Remove `name` and `version` properties from `DataChain`
Currently we have name and version properties in DataChain class which are not needed as we already have dataset property which points to underlying dataset if one exists.
Also, in addition we should think about namespace_name and project_name as well which are also properties. Probably we should remove those and think about exposing settings in general.
namespace_nameandproject_name
Please combine these two to a single namespace that contains both.
namespace_nameandproject_namePlease combine these two to a single
namespacethat contains both.
I would avoid doing this atm. All around the code we have this split into two so if we want to have only namespace that contains both we should do one bigger refactoring to be consistent everywhere.

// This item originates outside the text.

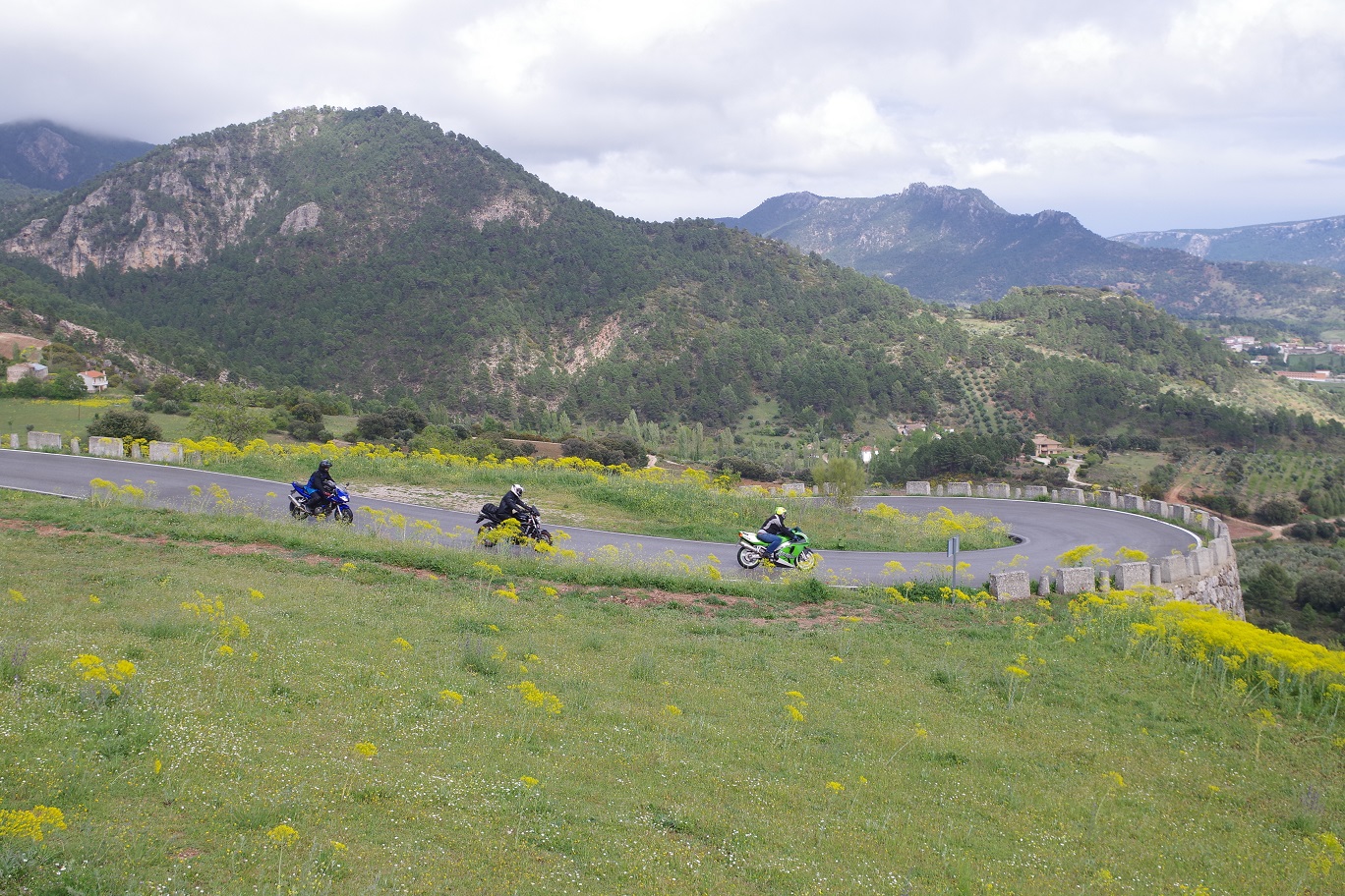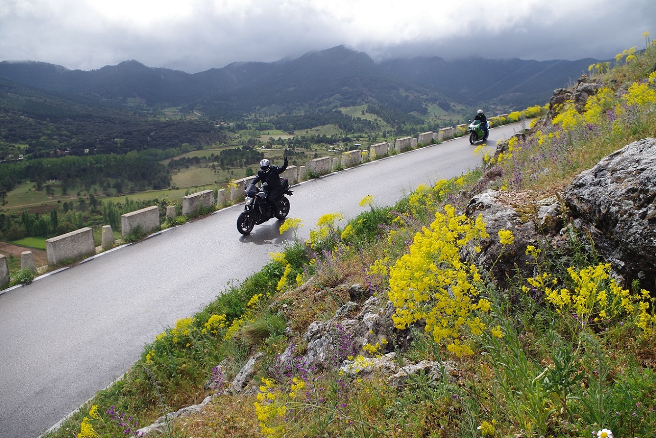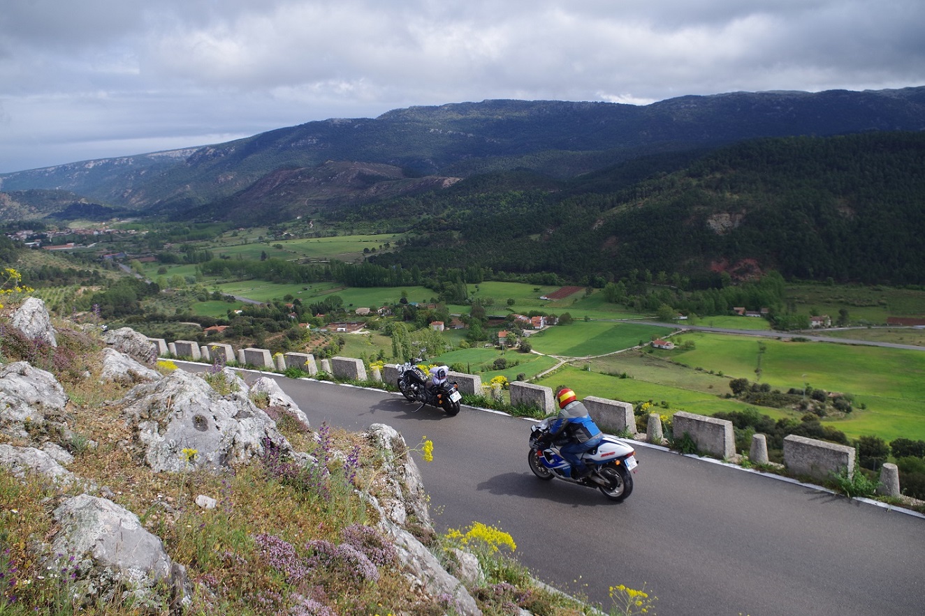Y de nuevo dejó de llover. Esta vez sí que parecía que iba más en serio, ya que incluso se empezó a ver tímidamente el sol. De nuevo a las motos, había que aprovechar. Estábamos ya muy cerca de la entrada a la sierra de Cazorla, Segura y las Villas, que teníamos que atravesar completamente de norte a sur para llegar al alojamiento que teníamos reservado. Abajo, fotos bajando desde Riopar Viejo hacia el valle.
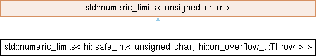 | Public Member Functions inherited from std::numeric_limits< unsigned char > | |

I think Dmitry's point was to do changes on the public API level. What would be the scope for this?
I think Dmitry's point was to do changes on the public API level. What would be the scope for this?
It should not be a problem to do that, will do it in this issue. Also, I will create a follow-up to use namespace.project.dataset naming convention everywhere in our codebase where we use dataset name (internal and external APIs) to avoid namespace_name and project_name arguments in a lot of functions.
Can you scope it please before you do it?
Can you scope it please before you do it?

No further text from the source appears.